# How to Cash in An Post Savings Bond



## pudds (29 Sep 2010)

How do you cash in AnPost Savings Bond.... whats the proceedure.  Looked around  AnPost website but no guidance there.

Also can the funds be transferred electronically into a bank account.


----------



## Lightning (29 Sep 2010)

The T&C's say ...



> 18.8 Funds in Your State Savings™ Account are not available for withdrawal on demand at Post Offices (Clause 18.2)



Seems to suggest you need to go into an An Post office.


----------



## Crunchie (29 Sep 2010)

pudds said:


> How do you cash in AnPost Savings Bond.... whats the proceedure.  Looked around  AnPost website but no guidance there.
> 
> Also can the funds be transferred electronically into a bank account.



From: http://www.statesavings.ie/Downloads/SavingsBondsTermsAndConditions.pdf (Link from www.anpost.ie)

5. Savings Bonds may be repaid by making an application for repayment using the form prescribed by An Post. Such application should be made at least seven working days before repayment is required to An Post, Savings & Investment Services, Repayment Section, GPO, Dublin 1. 

You can get the repayment form in a Post Office. As I recall repayment is by either cheque or a warrant that can be cashed in a Post Office


----------



## pudds (29 Sep 2010)

Crunchie said:


> From: http://www.statesavings.ie/Downloads/SavingsBondsTermsAndConditions.pdf (Link from www.anpost.ie)
> 
> 5. Savings Bonds may be repaid by making an application for repayment using the form prescribed by An Post. Such application should be made at least seven working days before repayment is required to An Post, Savings & Investment Services, Repayment Section, GPO, Dublin 1.
> 
> You can get the repayment form in a Post Office. As I recall repayment is by either cheque or a warrant that can be cashed in a Post Office



thanks for that Crunchie  I kept going round in circles between the anPost and statesavings site and couldn't pin it down.

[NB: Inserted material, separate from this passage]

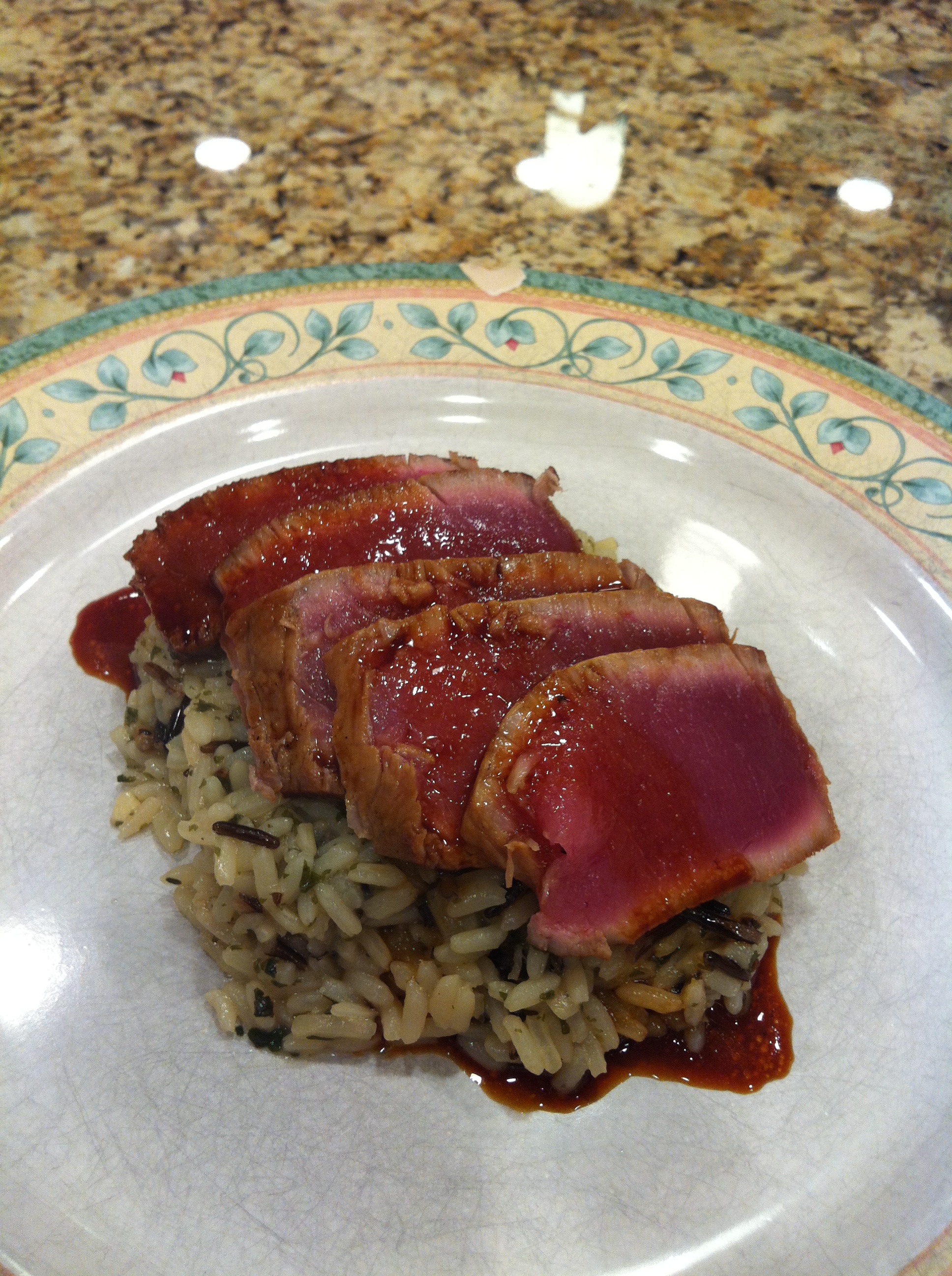 Earlier this year I went down to Richmond, VA to visit my sister. While I was there we went to Edo’s Squid, a hole in the wall restaurant in Richmond. While we were there my sister got an amazing tuna dish and I asked the waitress how they made the sauce that was served with it. This was my attempt at their dish, and from what I can remember it came very close to the one I had in Richmond. To cook the tuna I used the Himalayan salt blocks and seared the tune for a little over a minute a side. To make the Tamari butter sauce I combined butter Tamari soy sauce, lemon juice, and black pepper; then I reduced the sauce and added a bit of flour to thicken it. This sauce is not as salty as soy sauce because the Tamari soy sauce adds a deeper richer flavor that regular soy sauce. I served the tuna over wild rice. Enjoy!

Shame these forms are not available to download on line..roll on the smart economy


----------



## oldtimer (29 Sep 2010)

If you are cashing saving bonds, to maximise your interest, watch their anniversary date of purchase. Interest is not added on a daily basis, it is added annually on the anniversary date. Therefore, if the anniversary date is anytime soon it would be better to wait.


----------